Дьявол, какое же это мучение – не иметь живых врагов! Он почувствовал это еще тогда, когда гибель жены и сына превратила царствование в отбывание пожизненной каторги. Может, ему было бы легче, если бы он верил в колдовство, в магию, в воскрешение мертвых. Но он не верил. Мертвые – мертвы. Однако тогда он еще не знал этого…
А они знали – Фульк, Тьерри, аббат… И всю мерзость таскали с собой, приберегая для собственной выгоды. И, как по сговору, все они умерли не от его руки. Фульк… здесь все ясно. А остальные? Что заставляло их молчать – всегда быть рядом и молчать – главных соучастников? Страх, надежда на шантаж, похоть? Все вместе?

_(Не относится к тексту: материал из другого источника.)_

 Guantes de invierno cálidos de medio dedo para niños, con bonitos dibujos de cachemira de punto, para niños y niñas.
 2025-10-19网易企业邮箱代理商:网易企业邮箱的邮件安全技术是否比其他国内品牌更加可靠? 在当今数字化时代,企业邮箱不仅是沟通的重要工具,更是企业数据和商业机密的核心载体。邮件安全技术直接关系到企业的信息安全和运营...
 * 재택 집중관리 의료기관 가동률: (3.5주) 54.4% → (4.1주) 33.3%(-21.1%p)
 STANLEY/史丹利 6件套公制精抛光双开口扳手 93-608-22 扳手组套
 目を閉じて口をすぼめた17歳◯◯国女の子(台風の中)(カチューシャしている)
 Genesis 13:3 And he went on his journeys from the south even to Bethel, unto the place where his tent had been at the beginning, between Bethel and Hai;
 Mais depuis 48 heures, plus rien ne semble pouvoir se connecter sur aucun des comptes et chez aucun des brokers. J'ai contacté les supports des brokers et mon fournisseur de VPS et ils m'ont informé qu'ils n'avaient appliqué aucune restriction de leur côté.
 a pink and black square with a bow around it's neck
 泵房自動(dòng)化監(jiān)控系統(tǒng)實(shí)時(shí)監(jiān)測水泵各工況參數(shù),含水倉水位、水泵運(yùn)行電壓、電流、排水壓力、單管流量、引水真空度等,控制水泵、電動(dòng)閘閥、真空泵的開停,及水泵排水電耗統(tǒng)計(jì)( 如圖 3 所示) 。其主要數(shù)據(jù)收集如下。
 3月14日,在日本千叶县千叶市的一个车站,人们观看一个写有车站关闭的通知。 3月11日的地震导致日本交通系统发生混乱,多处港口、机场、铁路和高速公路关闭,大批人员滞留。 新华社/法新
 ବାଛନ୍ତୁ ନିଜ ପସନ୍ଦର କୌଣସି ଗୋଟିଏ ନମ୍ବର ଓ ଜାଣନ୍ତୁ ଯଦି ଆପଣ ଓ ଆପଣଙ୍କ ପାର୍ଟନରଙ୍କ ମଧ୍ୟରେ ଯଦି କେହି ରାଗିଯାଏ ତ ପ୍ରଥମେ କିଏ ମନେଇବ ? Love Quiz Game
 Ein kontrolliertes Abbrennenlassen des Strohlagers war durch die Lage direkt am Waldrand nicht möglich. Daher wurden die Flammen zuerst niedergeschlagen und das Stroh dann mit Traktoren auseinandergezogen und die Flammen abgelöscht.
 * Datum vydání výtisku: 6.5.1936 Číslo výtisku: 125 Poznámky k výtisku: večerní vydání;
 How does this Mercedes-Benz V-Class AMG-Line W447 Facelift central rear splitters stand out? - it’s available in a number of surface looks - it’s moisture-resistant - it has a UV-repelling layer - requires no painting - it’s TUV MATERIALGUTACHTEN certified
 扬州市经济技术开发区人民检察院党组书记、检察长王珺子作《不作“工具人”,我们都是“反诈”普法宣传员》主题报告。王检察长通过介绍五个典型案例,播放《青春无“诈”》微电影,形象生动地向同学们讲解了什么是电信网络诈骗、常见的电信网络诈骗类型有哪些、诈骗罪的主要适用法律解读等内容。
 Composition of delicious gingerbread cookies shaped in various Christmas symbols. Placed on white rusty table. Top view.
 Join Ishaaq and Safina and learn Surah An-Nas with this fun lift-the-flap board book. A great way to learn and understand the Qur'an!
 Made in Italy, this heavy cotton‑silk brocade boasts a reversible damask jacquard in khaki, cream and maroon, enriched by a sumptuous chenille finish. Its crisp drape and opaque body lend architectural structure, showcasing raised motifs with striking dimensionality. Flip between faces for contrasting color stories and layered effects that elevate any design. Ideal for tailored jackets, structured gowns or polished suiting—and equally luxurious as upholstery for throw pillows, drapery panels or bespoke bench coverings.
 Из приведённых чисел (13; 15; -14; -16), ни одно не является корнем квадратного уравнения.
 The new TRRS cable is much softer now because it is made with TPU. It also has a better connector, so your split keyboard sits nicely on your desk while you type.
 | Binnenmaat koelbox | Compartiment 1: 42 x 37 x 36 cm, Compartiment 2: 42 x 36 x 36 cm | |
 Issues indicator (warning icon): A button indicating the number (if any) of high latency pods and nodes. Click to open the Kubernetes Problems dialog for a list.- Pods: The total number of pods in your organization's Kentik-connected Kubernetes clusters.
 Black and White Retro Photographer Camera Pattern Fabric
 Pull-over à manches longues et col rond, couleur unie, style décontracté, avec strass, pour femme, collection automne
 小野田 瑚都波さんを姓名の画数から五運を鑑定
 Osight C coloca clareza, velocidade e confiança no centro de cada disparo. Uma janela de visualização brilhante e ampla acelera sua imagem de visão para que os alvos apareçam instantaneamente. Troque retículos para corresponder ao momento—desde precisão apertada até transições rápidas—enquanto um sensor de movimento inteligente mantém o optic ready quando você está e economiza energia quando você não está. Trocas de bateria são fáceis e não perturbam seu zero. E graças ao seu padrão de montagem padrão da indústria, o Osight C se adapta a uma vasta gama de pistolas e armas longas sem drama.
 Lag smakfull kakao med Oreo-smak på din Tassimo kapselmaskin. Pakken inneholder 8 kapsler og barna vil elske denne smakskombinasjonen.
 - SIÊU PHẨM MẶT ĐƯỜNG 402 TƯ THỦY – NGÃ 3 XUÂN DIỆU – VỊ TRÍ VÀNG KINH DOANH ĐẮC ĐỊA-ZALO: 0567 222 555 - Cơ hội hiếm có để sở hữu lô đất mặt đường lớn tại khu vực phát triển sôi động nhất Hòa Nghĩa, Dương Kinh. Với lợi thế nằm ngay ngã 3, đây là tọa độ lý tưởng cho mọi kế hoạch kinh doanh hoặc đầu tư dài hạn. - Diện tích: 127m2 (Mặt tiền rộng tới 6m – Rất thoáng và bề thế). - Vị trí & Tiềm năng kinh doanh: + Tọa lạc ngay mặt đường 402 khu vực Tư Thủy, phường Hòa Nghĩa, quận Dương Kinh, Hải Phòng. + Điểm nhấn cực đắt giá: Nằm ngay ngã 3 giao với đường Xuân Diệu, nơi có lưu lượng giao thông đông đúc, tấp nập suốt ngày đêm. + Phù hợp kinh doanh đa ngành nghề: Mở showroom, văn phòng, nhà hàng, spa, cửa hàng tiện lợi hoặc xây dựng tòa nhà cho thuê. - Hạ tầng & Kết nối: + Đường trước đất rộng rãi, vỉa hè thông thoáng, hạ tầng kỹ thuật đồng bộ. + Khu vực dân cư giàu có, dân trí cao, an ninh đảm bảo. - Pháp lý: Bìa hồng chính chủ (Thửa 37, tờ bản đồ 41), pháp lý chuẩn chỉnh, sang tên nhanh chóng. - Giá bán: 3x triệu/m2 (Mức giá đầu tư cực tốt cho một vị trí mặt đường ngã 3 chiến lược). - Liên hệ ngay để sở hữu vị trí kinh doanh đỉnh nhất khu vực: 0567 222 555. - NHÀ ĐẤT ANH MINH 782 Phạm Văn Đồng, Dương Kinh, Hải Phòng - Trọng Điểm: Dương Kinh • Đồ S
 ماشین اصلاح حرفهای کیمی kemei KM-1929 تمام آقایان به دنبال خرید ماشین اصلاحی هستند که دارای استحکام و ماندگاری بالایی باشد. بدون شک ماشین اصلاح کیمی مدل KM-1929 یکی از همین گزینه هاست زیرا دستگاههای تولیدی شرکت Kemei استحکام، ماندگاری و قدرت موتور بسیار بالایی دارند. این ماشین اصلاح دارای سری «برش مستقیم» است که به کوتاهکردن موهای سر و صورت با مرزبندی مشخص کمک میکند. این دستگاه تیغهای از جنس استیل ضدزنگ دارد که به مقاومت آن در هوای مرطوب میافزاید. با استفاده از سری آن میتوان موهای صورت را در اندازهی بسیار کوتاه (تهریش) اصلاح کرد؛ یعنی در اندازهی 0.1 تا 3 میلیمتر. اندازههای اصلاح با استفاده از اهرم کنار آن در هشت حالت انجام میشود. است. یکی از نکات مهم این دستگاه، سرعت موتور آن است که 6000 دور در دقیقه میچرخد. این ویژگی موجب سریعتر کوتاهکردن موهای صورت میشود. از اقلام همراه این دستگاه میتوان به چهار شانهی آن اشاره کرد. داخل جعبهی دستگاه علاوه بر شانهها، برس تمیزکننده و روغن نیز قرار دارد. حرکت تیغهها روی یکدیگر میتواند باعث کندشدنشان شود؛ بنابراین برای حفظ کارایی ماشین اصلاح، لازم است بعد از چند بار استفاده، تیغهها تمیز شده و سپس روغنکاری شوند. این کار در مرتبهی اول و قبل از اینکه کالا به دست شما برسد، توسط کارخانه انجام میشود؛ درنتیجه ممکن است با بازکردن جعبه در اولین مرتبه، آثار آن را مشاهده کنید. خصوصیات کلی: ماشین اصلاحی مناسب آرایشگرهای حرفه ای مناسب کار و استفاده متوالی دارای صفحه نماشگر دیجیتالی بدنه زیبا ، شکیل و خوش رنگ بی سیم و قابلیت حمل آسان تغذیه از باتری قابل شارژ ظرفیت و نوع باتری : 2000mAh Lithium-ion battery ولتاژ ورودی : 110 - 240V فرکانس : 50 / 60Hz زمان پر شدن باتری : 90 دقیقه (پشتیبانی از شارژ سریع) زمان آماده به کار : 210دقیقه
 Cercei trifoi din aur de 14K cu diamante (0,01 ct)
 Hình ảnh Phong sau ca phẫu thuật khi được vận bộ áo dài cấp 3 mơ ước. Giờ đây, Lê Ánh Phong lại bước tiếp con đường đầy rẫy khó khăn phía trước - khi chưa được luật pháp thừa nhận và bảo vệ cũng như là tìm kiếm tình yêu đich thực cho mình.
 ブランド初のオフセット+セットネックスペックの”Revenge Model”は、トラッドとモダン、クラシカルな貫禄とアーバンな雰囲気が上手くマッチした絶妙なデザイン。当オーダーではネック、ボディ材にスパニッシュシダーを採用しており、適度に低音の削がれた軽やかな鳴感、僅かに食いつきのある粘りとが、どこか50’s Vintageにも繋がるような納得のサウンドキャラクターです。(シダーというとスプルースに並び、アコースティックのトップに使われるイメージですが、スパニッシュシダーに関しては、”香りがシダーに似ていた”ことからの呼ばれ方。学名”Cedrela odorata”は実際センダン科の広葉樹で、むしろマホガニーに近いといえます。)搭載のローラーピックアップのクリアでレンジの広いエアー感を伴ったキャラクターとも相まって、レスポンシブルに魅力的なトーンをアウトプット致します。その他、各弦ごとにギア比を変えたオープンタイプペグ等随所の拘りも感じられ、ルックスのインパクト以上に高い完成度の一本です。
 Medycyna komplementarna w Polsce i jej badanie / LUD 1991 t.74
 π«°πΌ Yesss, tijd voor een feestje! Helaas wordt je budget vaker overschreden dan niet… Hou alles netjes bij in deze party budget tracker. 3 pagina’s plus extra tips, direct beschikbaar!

Они знали. А он не хотел знать.
Все муки, весь позор, всю грязь, в которую ее хотели втянуть, прежде, чем убить… все это его не касалось. Она должна была бороться сама. И победила – только он здесь был ни при чем.
А ведь всего этого могло не быть…
Когда-то давно, еще до свадьбы, она попрекнула его, что он не позвал ее с собой после победы под Самуром. Единственный упрек, слышанный им когда-либо от нее (поэтому и запомнил) – хотя повинен он был перед ней в гораздо более тяжких грехах. Он не задумывался, почему. А тогда беспечно ответил ей – из гордости, потому что она его не попросила. Да еще добавил – а что бы от этого изменилось?
Все изменилось бы. Все, если бы он не думал о своей проклятой гордости. Не было бы ни допросов, ни тюрьмы, ни позора, ни клетки. В конечном счете виновен был он, и стократ виновнее тех, других. Потому что они были врагами и поступали соответственно, а он…
До сих пор, в сознании своей вины он мог утешаться мыслью, что преступления его прошлого касались близких Азарики, но не ее. Были Одвин, Гермольд… но он никогда не причинял зла ей самой. И ошибался, как всегда. Вот почему она молчала. Не хотела говорить, что он, при желании, мог бы ее спасти, но не спас. Другие спасли… Знакомое имя промелькнуло в прочитанных показаниях. Имя мальчика, которому она дала приют и покровительство. Точнее, имя отца этого мальчика. «Подозреваемый в соучастии Винифрид Эттинг, ныне находящийся в заточении…»
«Вы пытали бы меня, если бы Винифрид Эттинг не поднял ложную тревогу. Это одна из причин, по которой я забочусь об его сыне…» Не напрасно, значит, Фульк его подозревал… Вот какова была вторая причина, которой она тогда не назвала, а он не спросил. Не только долг, но и вечное напоминание. Никогда она не забывала об этом и не хотела забывать. И, если бы он не был столь слеп и глух ко всему, чего не хотел знать, то понял бы.
Но почему этот Винифрид так упорно помогал ей? Может, он любил ее? Какая теперь разница… Он был женат на другой женщине, и он умер. Умер, как и прочие… Все равно, как он посмел! Только у него, у Эда, на всем белом свете было на это право. Только он мог ее любить.